** Opening RECORDS PROVIDED block **

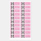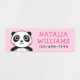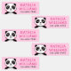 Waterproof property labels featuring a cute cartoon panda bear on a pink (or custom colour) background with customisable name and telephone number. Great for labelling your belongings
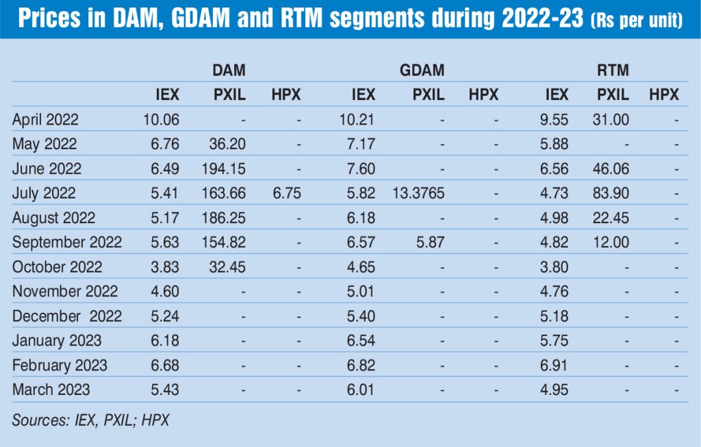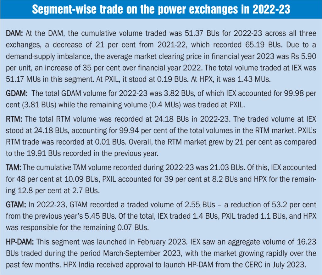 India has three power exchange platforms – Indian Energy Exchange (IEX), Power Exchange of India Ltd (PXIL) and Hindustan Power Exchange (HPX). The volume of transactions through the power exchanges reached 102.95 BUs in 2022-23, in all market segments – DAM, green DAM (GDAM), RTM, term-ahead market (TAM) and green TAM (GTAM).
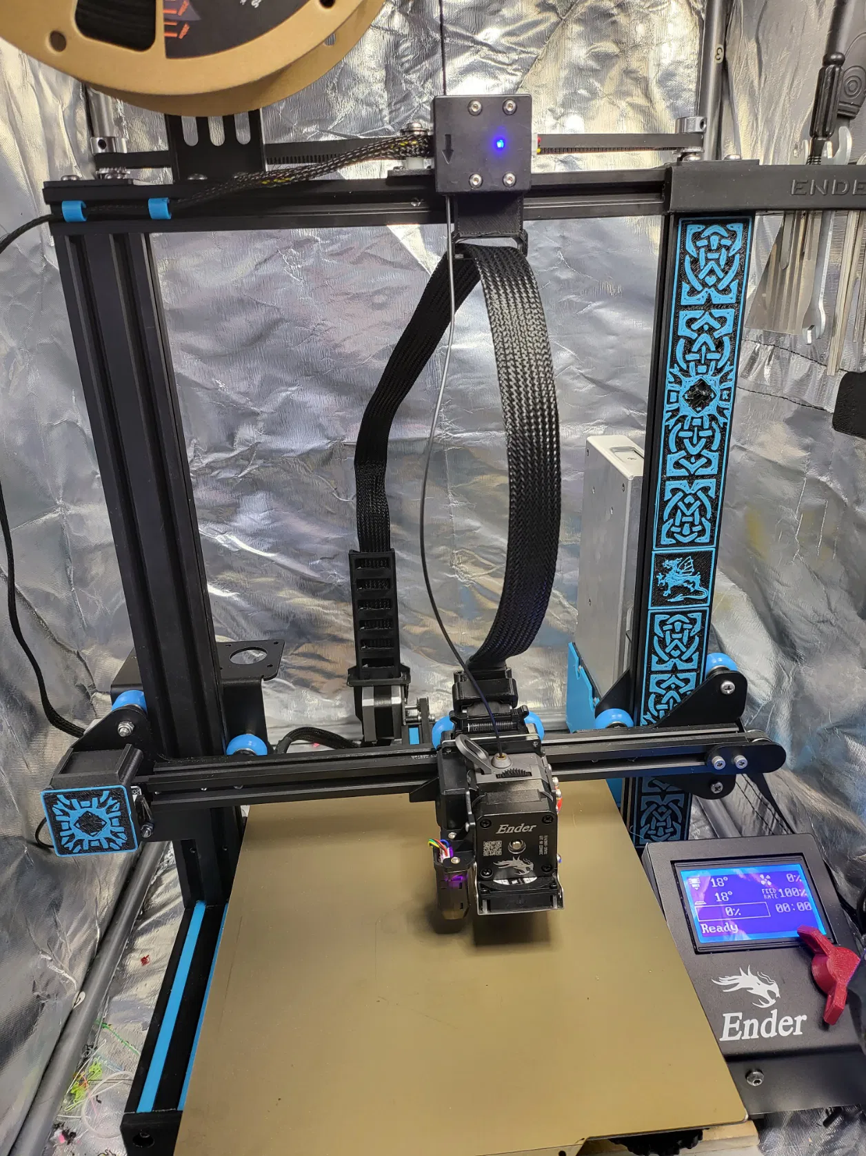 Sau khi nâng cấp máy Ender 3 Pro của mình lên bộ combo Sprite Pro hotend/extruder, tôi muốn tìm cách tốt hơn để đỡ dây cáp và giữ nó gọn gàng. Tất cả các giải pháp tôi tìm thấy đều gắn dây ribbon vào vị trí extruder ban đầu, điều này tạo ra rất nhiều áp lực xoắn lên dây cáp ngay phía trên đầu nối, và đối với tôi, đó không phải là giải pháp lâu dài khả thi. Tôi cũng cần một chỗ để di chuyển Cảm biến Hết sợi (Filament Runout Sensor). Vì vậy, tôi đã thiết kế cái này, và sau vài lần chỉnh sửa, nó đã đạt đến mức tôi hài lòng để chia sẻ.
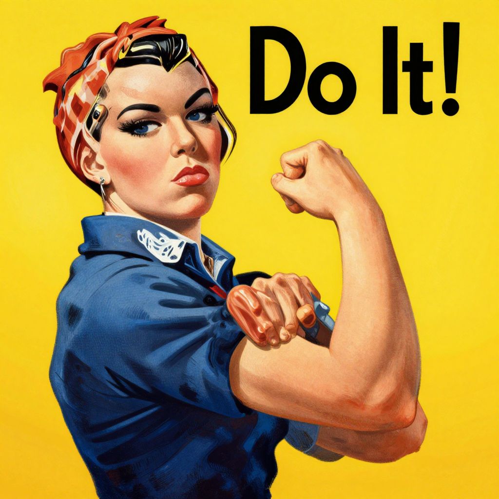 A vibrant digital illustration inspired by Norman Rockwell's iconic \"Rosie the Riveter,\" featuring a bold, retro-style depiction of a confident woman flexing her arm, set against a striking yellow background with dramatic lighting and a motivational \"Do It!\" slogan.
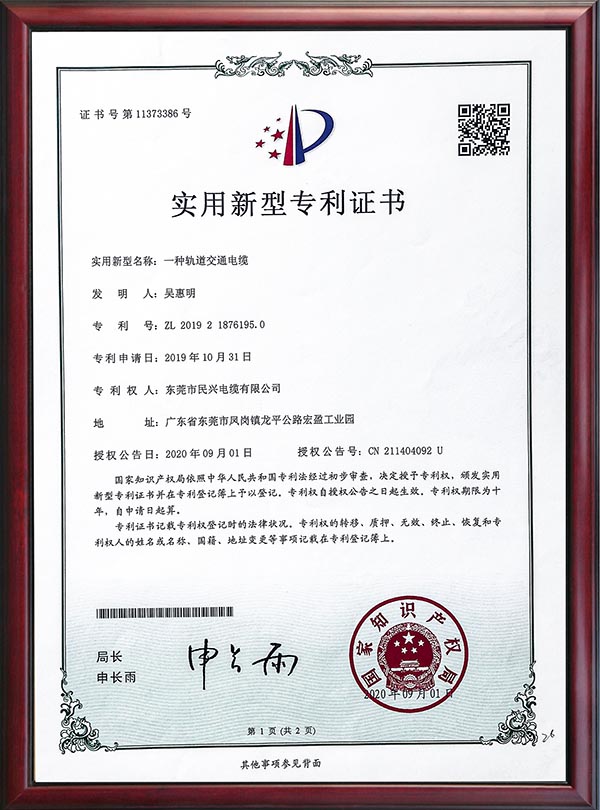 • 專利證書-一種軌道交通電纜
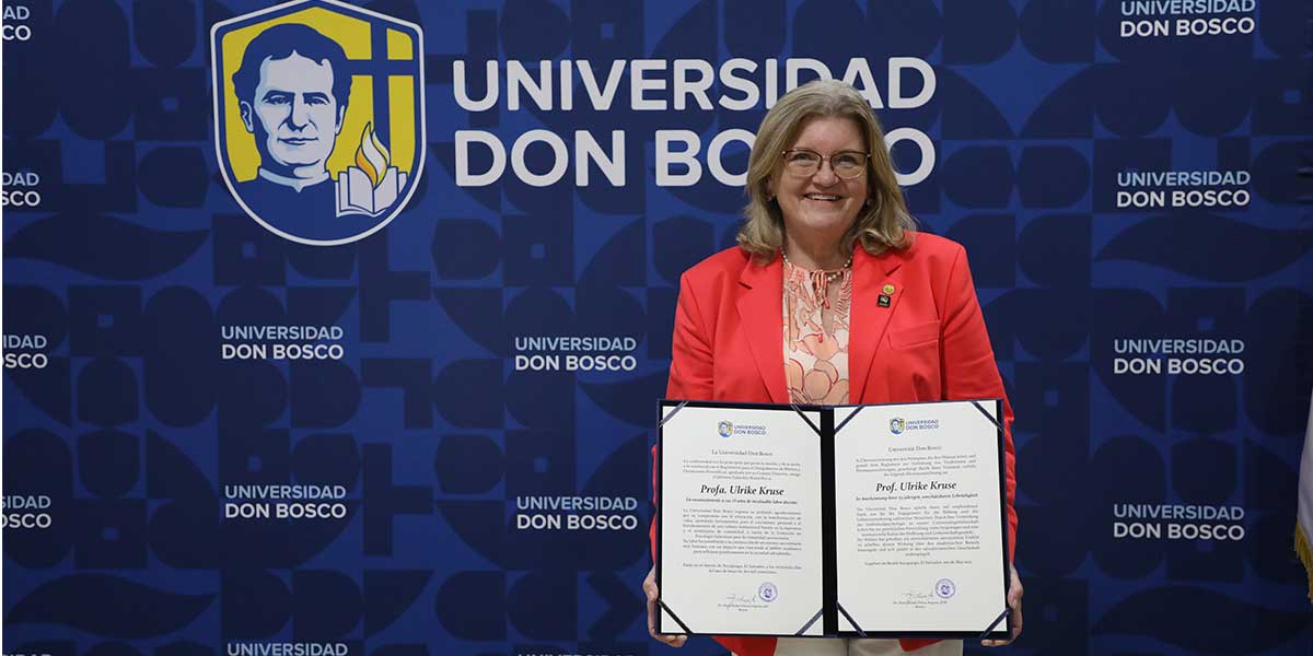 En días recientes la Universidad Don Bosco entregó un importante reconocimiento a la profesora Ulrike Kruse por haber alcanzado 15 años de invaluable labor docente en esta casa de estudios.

** Closing RECORDS PROVIDED block **

Only the pictures are to be left out; write out all the other data exactly.

= OUTPUT FOR THIS EXERCISE =
 Waterproof property labels featuring a cute cartoon panda bear on a pink (or custom colour) background with customisable name and telephone number. Great for labelling your belongings
 India has three power exchange platforms – Indian Energy Exchange (IEX), Power Exchange of India Ltd (PXIL) and Hindustan Power Exchange (HPX). The volume of transactions through the power exchanges reached 102.95 BUs in 2022-23, in all market segments – DAM, green DAM (GDAM), RTM, term-ahead market (TAM) and green TAM (GTAM).
 Sau khi nâng cấp máy Ender 3 Pro của mình lên bộ combo Sprite Pro hotend/extruder, tôi muốn tìm cách tốt hơn để đỡ dây cáp và giữ nó gọn gàng. Tất cả các giải pháp tôi tìm thấy đều gắn dây ribbon vào vị trí extruder ban đầu, điều này tạo ra rất nhiều áp lực xoắn lên dây cáp ngay phía trên đầu nối, và đối với tôi, đó không phải là giải pháp lâu dài khả thi. Tôi cũng cần một chỗ để di chuyển Cảm biến Hết sợi (Filament Runout Sensor). Vì vậy, tôi đã thiết kế cái này, và sau vài lần chỉnh sửa, nó đã đạt đến mức tôi hài lòng để chia sẻ.
 A vibrant digital illustration inspired by Norman Rockwell's iconic \"Rosie the Riveter,\" featuring a bold, retro-style depiction of a confident woman flexing her arm, set against a striking yellow background with dramatic lighting and a motivational \"Do It!\" slogan.
 • 專利證書-一種軌道交通電纜
 En días recientes la Universidad Don Bosco entregó un importante reconocimiento a la profesora Ulrike Kruse por haber alcanzado 15 años de invaluable labor docente en esta casa de estudios.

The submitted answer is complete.